Home / Artículo / opinión / Los asuntos pendientes del Apolo XI

Los asuntos pendientes del Apolo XI

Es una sala medio a oscuras, de un pequeño motel de carretera. Tiene manchas de humedad por las paredes y está retirado varias millas de cualquier ciudad medianamente grande. Es el lugar ideal para nuestra redención.

Estamos en la sala: Hutchins, Lovell, Grace, Roberts y yo. No puedo decir que los conozca realmente, pero lo que vivimos juntos nos ha unido de algún modo más allá de la amistad o el odio. En el día de hoy y por primera y única vez vamos a hablar sobre cómo engañamos al mundo con el viaje a la luna.

Lovell es el más joven y el más atormentado por los demonios de la vergüenza. Él se encargó de las comunicaciones entre el Apolo y Houston. Realmente eran salas prácticamente contiguas. Su labor consistía básicamente en introducir ruido en la señal de audio para que pareciera realmente lejana. Ahora con la voz temblorosa nos cuenta que no puede contarle la historia a su hija.

Grace es un tipo grandote, de pelo blanco y un aspecto mucho más tranquilo que los demás. Fue el enlace con el gobierno de Kennedy.
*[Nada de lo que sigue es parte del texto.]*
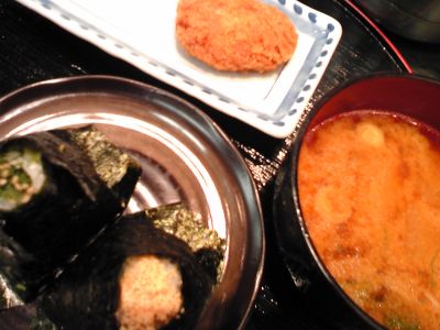テイクアウトのおにぎり屋さんで、野沢菜と焼きたらこのおにぎり、それに豚汁と海老コロッケを買って、店内で食べてきたよ~♪
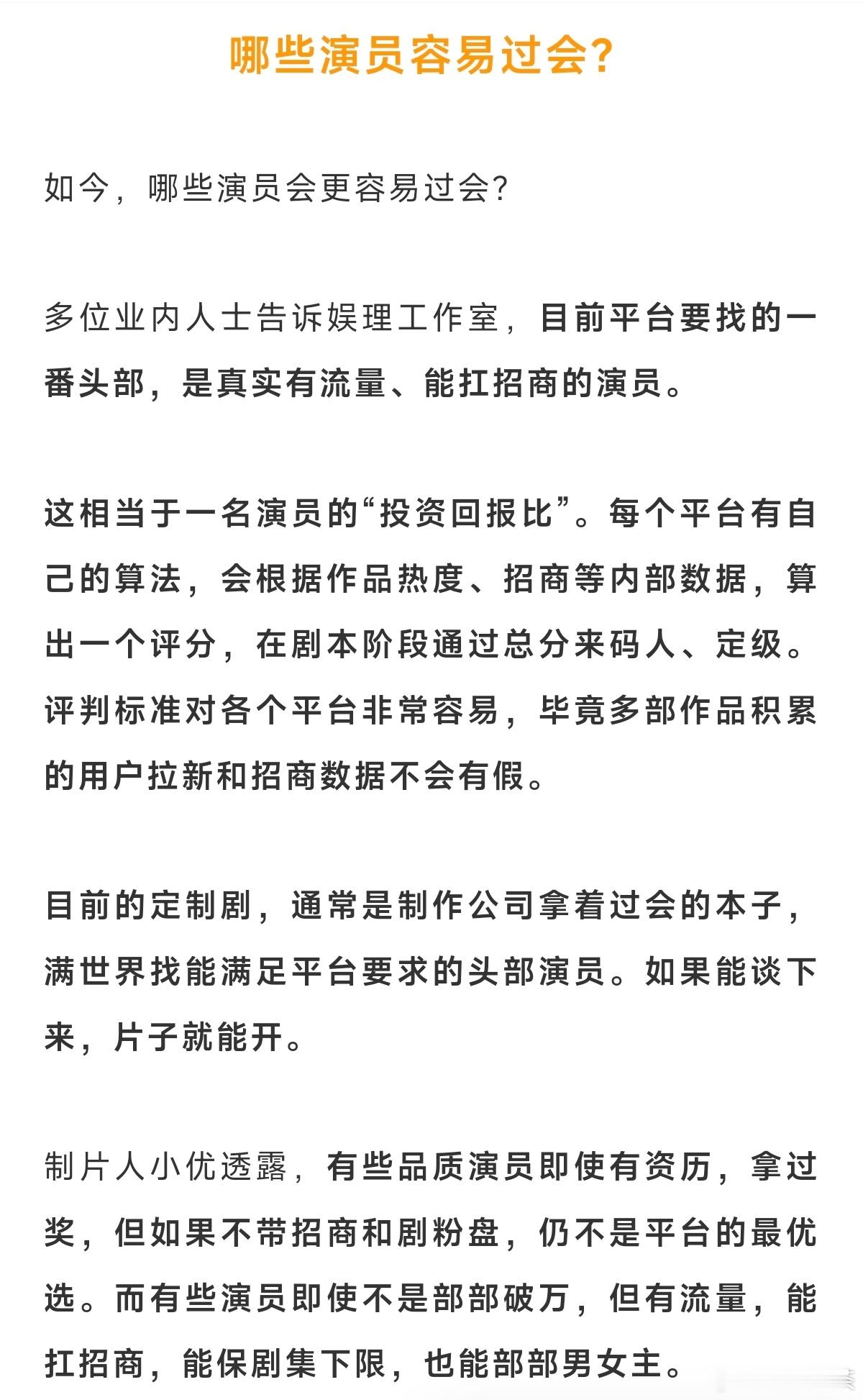 “除了几个顶级流量,目前通常是双人过会,比如头部演员带个头部导演或头部编剧。说白了,能过会的项目必须有特别长的长板,要不看收入,要不赚吆喝,只有双强组合才能提供这个预期。”
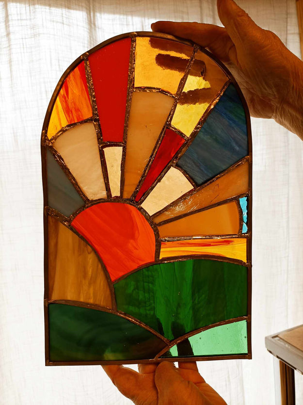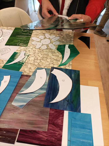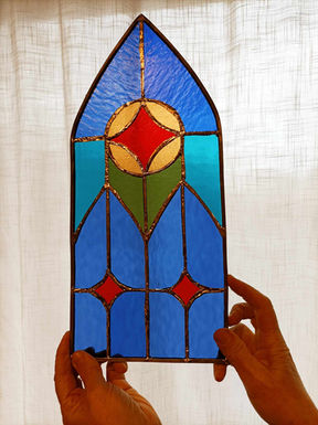 je vous invite à découvrir le stage "Vitrail Tiffany " reconnue pour ses lignes fines et délicates (25 x30 cm environ).
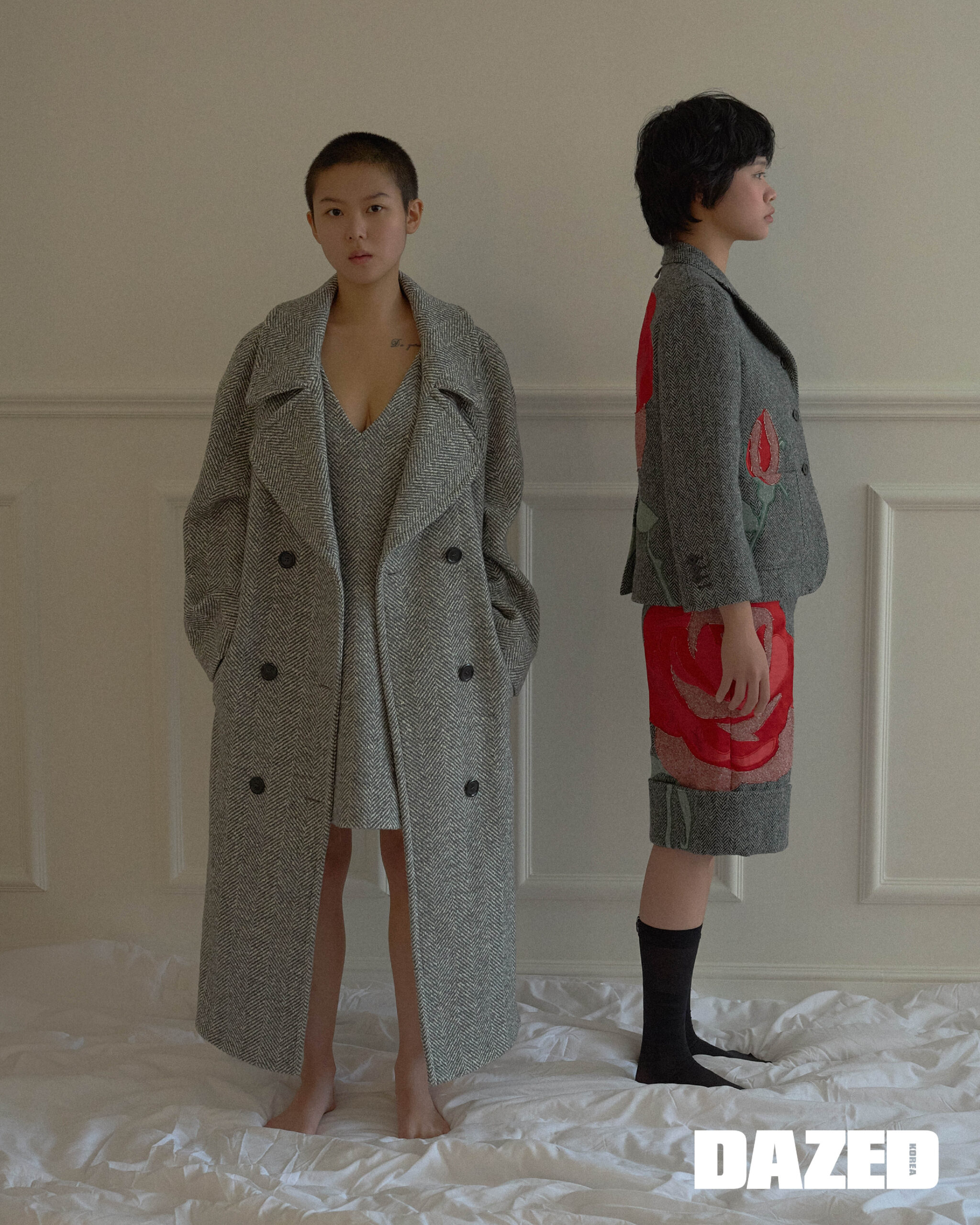 예지가 입은 울 블렌드 헤링본 코트와 드레스는 모스키노(Moschino). 이림이 입은 로즈 엠브로이더리 헤링본 해리스 트위드 블레이저와 버뮤다팬츠, 삭스는 모두 톰브라운(Thom Browne).

Con voz serena nos cuenta que el pobre “buen” presidente murió sin intuir ni de lejos la verdad. “Ahora que los rusos ya no son un problema… es momento de que los americanos sepan la verdad.”

Roberts es un tipo extraño hasta en esta reunión de tipos extraños. Las enormes gafas de pasta negra hacen más función de antifaz que de corrector de la miopía. Hoy en día diríamos de Roberts que era un “friki informático” de la época. Su trabajo consistía en dar verosimilitud a los equipos que mostrábamos por cámara y de los que hablábamos en las charlas técnicas. Hoy en día dirige una empresa de videojuegos. Cree que el contar la historia le va a dar mucho dinero, y quizás el guión de su próximo éxito.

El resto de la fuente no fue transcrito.